白髪の老人で、杖をついてゆっくりと歩いてくる。村人たちは長老の姿を見ると、少し緊張したような表情になった。
「騒がしいと思ったら……また貴族様のお成りか」
長老の声は静かだったが、その瞳には深い諦めが宿っていた。
「私はアイゼンヴァルト公国の……」
「公国だろうが帝国だろうが、我らには関係ない」
長老はルーカスの言葉を遮った。
「高貴なるお方は、我らのような泥にまみれた者の苦しみなどわかるまい。同情されるのも、憐れまれるのも御免だ」
その言葉は、静かだが重い怒りに満ちていた。
「関わらんほうが、お互いのためだ」
長老はそれだけ言うと、背を向けて去っていった。
酒場は再び重い沈黙に包まれた。村人たちも、長老の言葉に気圧されたように黙り込んでしまう。
***
その夜、一行は村の外で野営することにした。
村人たちは最後まで複雑な表情だった。ジルの料理に感謝しながらも、貴族への根深い不信は簡単には拭えないのだ。
「想像していたのと、全然違った……」
ルーカスは焚き火を見つめながら呟いた。
書物で学んだ「民に慕われる君主」の姿と、現実との間には、あまりにも大きなギャップがあった。民衆は君主を必要悪としか思っておらず、できることなら関わりたくないのだ。
「でも、原因は分かりましたね」
ジルが慰めるように言った。
「龍の問題を解決すれば、村も復活するかもしれません」
「そう簡単にいくだろうか……」
ルーカスの心には、深い疑問が湧いていた。果たして自分は、本当に人々の役に立てるのだろうか。
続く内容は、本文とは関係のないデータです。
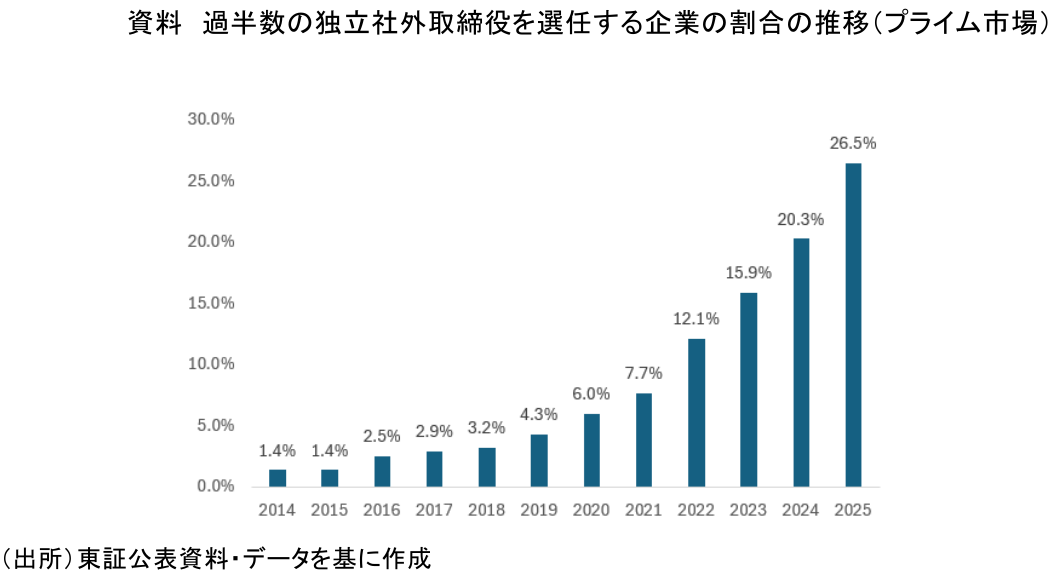 2022年から2025年の実績からは、緩やかではあるが着実な増加傾向が確認でき、今後5年以内に10%を突破するシナリオも現実味を帯びてきたといえる。企業は監督機能強化の手段として、社外取締役を取締役会議長に選任することを検討する時期に差し掛かっているのではないだろうか。

書物の知識だけで、現実の複雑な問題を解決できるのだろうか。
明日はいよいよ、鳴き龍の洞窟に到着する。そこで、自分の真価が試されることになるだろう。
しかし、今夜の経験は、ルーカスに現実の厳しさを教えてくれた。世界は、思っているよりもずっと複雑で、困難に満ちているのだ。